MFC provides current residents and visitors a crucial connection to this progressive legacy. The feminist infrastructure created during this period fundamentally reshaped Cambridge into the inclusive city it is today. By understanding how local activists created lasting change through grassroots organizing, today's Cambridge community gains not only historical knowledge but also practical models for continued advocacy and community building.
Inman Square Tour
Central Square Tour *
Harvard Square Tour
Youth Guide
Second wave feminism refers to the feminist activity and thought that took root in the late 1960s and continued for approximately two decades primarily in Western democracies. As the women's movement sparked across the United States, Cambridge emerged as a dynamic center of liberation and organizing, rivaling the influence of much larger cities like New York and San Francisco.

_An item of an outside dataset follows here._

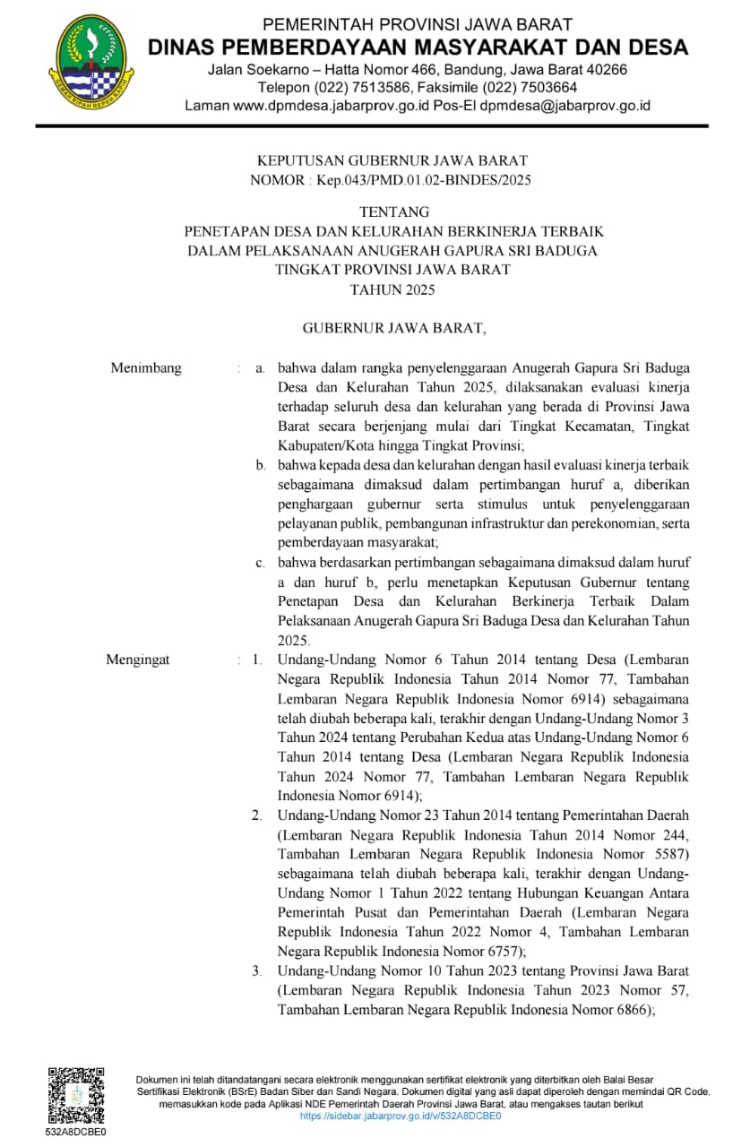 Dalam surat keputusan GUBERNUR JAWA BARAT Nomor : Kep.043/PMD.01.02-BINDES/2025 Tentang Penetapan Desa dan Kelurahan Bekinerja Terbaik Dalam Pelaksaan Anugerah Gapura Sri Baduga Tahun 2025, Desa Cangko menjadi Salah satu desa terpilih di kecamatan tukdana sebagai peraih penghargaan tersebut yang mana penghargaan ini merupakan kegiatan gubernur jawa barat dalam evaluasi kinerja terhadap seluruh desa dan kelurahan yang berada di provinsi jawa barat secara berjenjang mulai dari tingkat kecamatan, tingkat kabupaten/kota hingga tingkat provinsi. ajang ini menilai mulai dari tata kelola pemerintah, pembangunan, dan pelayanan publik untuk apresiasi desa/kelurahan berkinerja terbaik, dengan penilaian meliputi aspek administrasi, pemaparan, hingga verifikasi lapangan. dengan ini kepala desa/kuwu cangko H. CASNADI,SE. mengucapkan terimakasih banyak kepada gubernur jawa barat H. DEDI MULYADI, SH. atas peghargaan tersebut, hal ini pun tidak terlepas dari kinerja terbaik para jajaran pemerintah desa cangko dan juga dukungan dari pemerintah kecamatan tukdana karena pada dasarnya semua ini untuk kepentingan kemajuan desa. Penulis: MAHRUS

Cambridge became ground zero for generative activism that fundamentally reshaped the city's future. From Saundra Graham's bold protest at Harvard University's commencement, to the historic 1971 Bread and Roses March and takeover of 888 Memorial Drive, Cambridge women fought for changes that benefit residents to this day: expanded access to healthcare and childcare, improved racial equity, delayed encroachment of the Riverside neighborhood by Harvard University, condemnation of gender-based violence and shelter for survivors, and numerous other essential rights and services.
To quote Jen Hoyer’s answer to greater civic engagement, MFC brings Cambridge’s feminist history, “out of the archives and into the streets” and allows residents to learn more about how the progressive values and policies they benefit from today were hard-won through the collaborative strength of women leading at the local level.
While MFC research highlights feminist organizing across many perspectives, CCSW acknowledges the movement, despite aspirations toward inclusion, has experienced and continues to experience exclusions across race, class, gender identity, religion, and disability. There are always more stories to discover and include in Cambridge's feminist history.
* 3-18-25. The Cambridge Commission on the Status of Women has released a new Mapping Feminist Cambridge story map focused on Central Square from 1970s-1990s. In this guide, we highlight feminist, socialist, and educational institutions that emerged and thrived in Central Square from the late 1960s through the 1990s and recognize the unique contributions they made to Cambridge feminist history.